The gruesome murder of Mohsin Shaikh, a Muslim techie from Pune has shocked many. One of them is Nidhin Shobhana, based at the Krantijyoti Savitribai Phule Women’s Studies Centre, Dnyanjyoti Savitribai Phule University, Pune. Reflecting on the horrific incident in an article published in Round Table India (www.roundtableindia.co.in) from a Christian subjective position, he tried to shift the focus beyond the obvious rhetoric found in mainstream press. He dwelt on the manner in which ‘minorities’ perceive and understand each other and suggested that while on the one hand the Christians of India feel safe because they believe that they are not like the Muslim other, on the other hand they have to deal with the threat of being a minority themselves in a clearly Hindu majoritarian order. One could suggest that this is a case of Christians trying to fit themselves in pre-given nationalist moulds. While this may certainly be true, the flip side of the issue is that the politics of nation and nationalism may also exert pressures on the Christians to be nationally-compliant. A Christian thus, is pressured to construct a self that is Christian while simultaneously imbibe Indian (read as Sanskritic) cultural values.

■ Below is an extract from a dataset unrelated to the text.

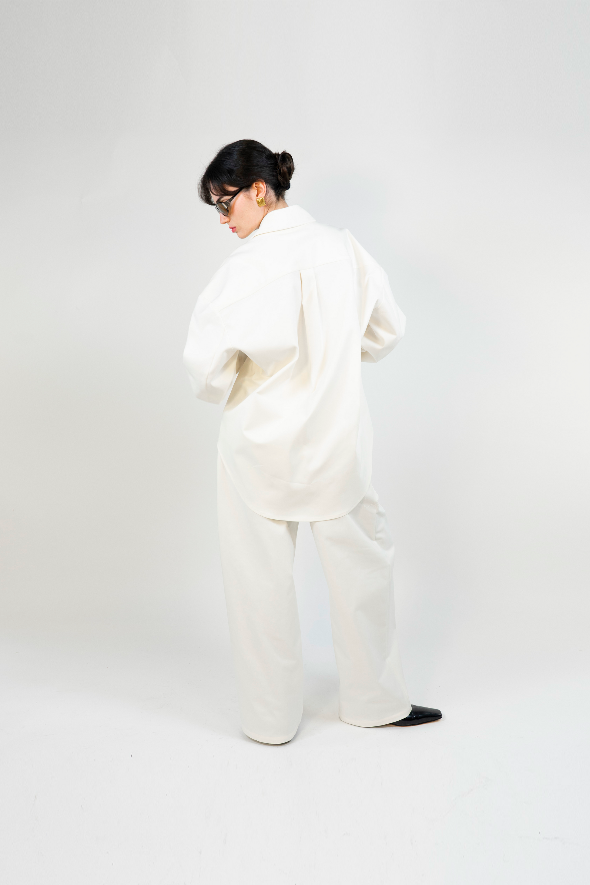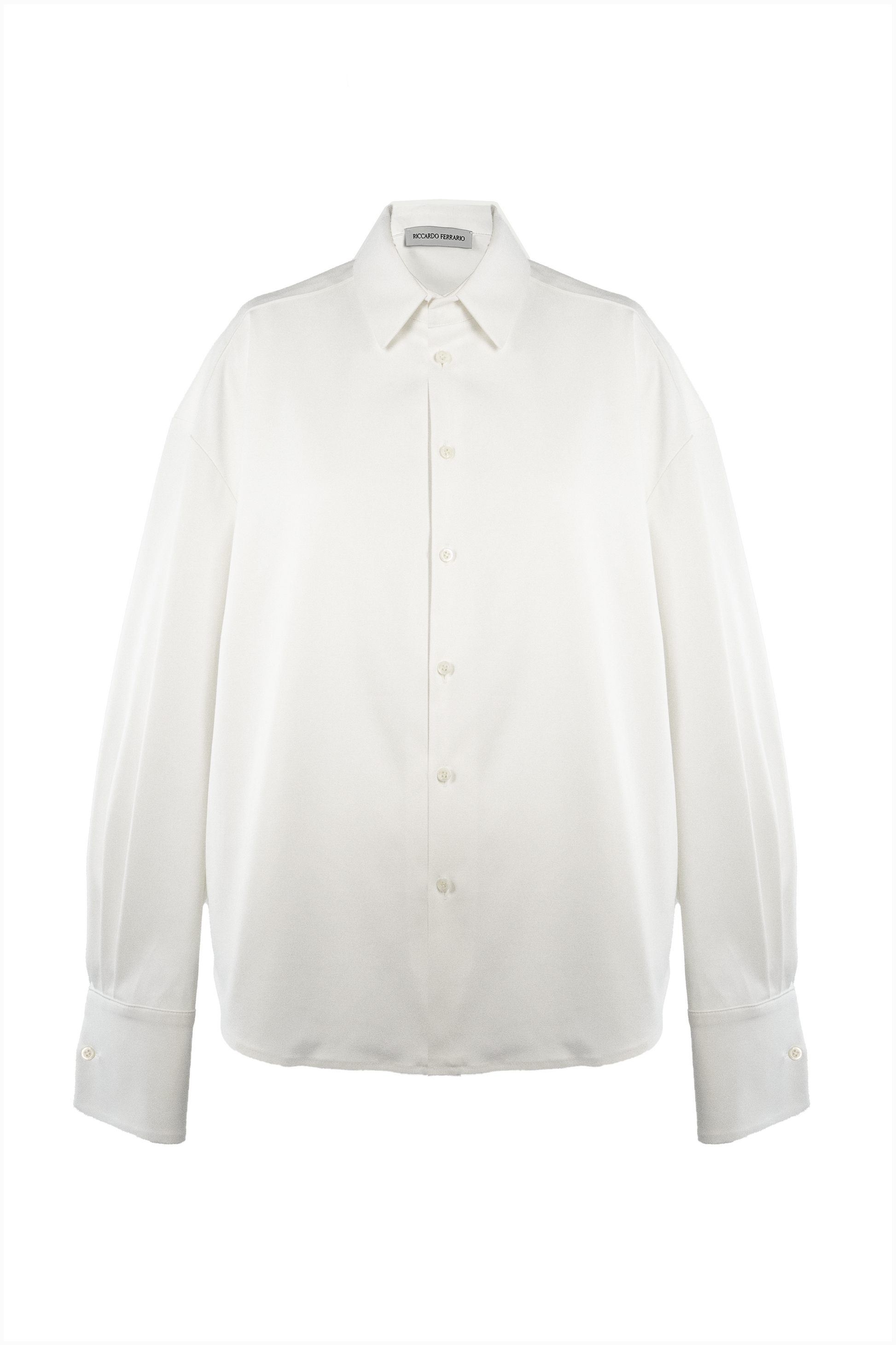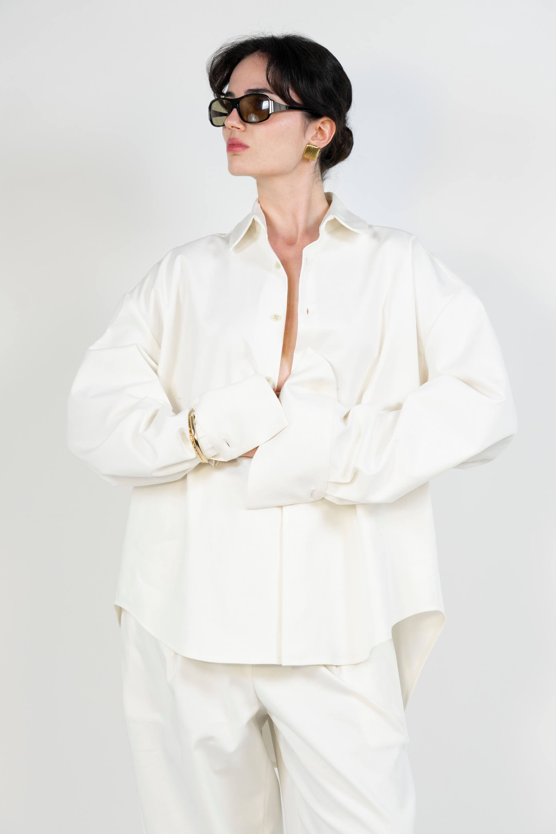 The Boyfriend shirt in white cotton features an oversized fit, a pointed collar, and a back yoke with central pleat. Long sleeves finish with exaggerated cuffs and shirt buttons. One size.

The Christian in India, according to Shobhana, has to manage a “juggling act to exist in a ‘caste-bitten’ society, [and to that extent] …Christians often dress up in uniforms approved by ‘Caste Hindus’. The almost saffron colour sarees of Catholic nuns is a worthwhile literal example”. Indian Christians create a difference for themselves by claiming – indeed demonstrating – their usefulness towards strengthening and enriching the Indian nation. The schools run by Christian missionaries across cities and villages in India patronized largely by the urban Indian elites, can be a case in point. But these claims to national usefulness encounter problems or “contradictions”. I believe that these problems have something to do with the fraught relationship that the history of Christianity (and thereby Christians) have with the Indian nation.
I would like to take-off from Shobhana’s astute observation and argue that for the Christians, participation as full citizens is also dependent on their compliance to “adhere to the dominant ideology”. The Christian has to jump through many hoops to negotiate his/her survival within the politics and understandings of the nation.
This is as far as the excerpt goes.